## Records for processing
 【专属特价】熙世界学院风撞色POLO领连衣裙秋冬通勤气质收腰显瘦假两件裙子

...

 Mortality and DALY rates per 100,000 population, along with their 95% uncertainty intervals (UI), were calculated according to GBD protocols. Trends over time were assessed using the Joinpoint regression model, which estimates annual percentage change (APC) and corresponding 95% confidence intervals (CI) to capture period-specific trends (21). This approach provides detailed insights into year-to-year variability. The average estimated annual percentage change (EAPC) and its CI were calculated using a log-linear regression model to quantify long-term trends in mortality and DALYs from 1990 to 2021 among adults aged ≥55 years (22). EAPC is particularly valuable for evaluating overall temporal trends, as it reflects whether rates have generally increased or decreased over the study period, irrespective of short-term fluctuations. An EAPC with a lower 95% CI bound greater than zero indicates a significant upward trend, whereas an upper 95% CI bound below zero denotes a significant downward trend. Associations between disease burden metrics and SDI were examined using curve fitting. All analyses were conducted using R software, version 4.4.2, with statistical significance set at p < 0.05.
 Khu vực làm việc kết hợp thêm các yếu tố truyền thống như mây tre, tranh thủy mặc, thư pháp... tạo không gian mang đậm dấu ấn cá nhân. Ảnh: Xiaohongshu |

## Work to complete
Would you please write out, exactly and with no other lines, the stretch of the listing above from the line containing "Mortality and DALY rates" through the line containing "Khu vực làm"?

## Response box
 Mortality and DALY rates per 100,000 population, along with their 95% uncertainty intervals (UI), were calculated according to GBD protocols. Trends over time were assessed using the Joinpoint regression model, which estimates annual percentage change (APC) and corresponding 95% confidence intervals (CI) to capture period-specific trends (21). This approach provides detailed insights into year-to-year variability. The average estimated annual percentage change (EAPC) and its CI were calculated using a log-linear regression model to quantify long-term trends in mortality and DALYs from 1990 to 2021 among adults aged ≥55 years (22). EAPC is particularly valuable for evaluating overall temporal trends, as it reflects whether rates have generally increased or decreased over the study period, irrespective of short-term fluctuations. An EAPC with a lower 95% CI bound greater than zero indicates a significant upward trend, whereas an upper 95% CI bound below zero denotes a significant downward trend. Associations between disease burden metrics and SDI were examined using curve fitting. All analyses were conducted using R software, version 4.4.2, with statistical significance set at p < 0.05.
 Khu vực làm việc kết hợp thêm các yếu tố truyền thống như mây tre, tranh thủy mặc, thư pháp... tạo không gian mang đậm dấu ấn cá nhân. Ảnh: Xiaohongshu |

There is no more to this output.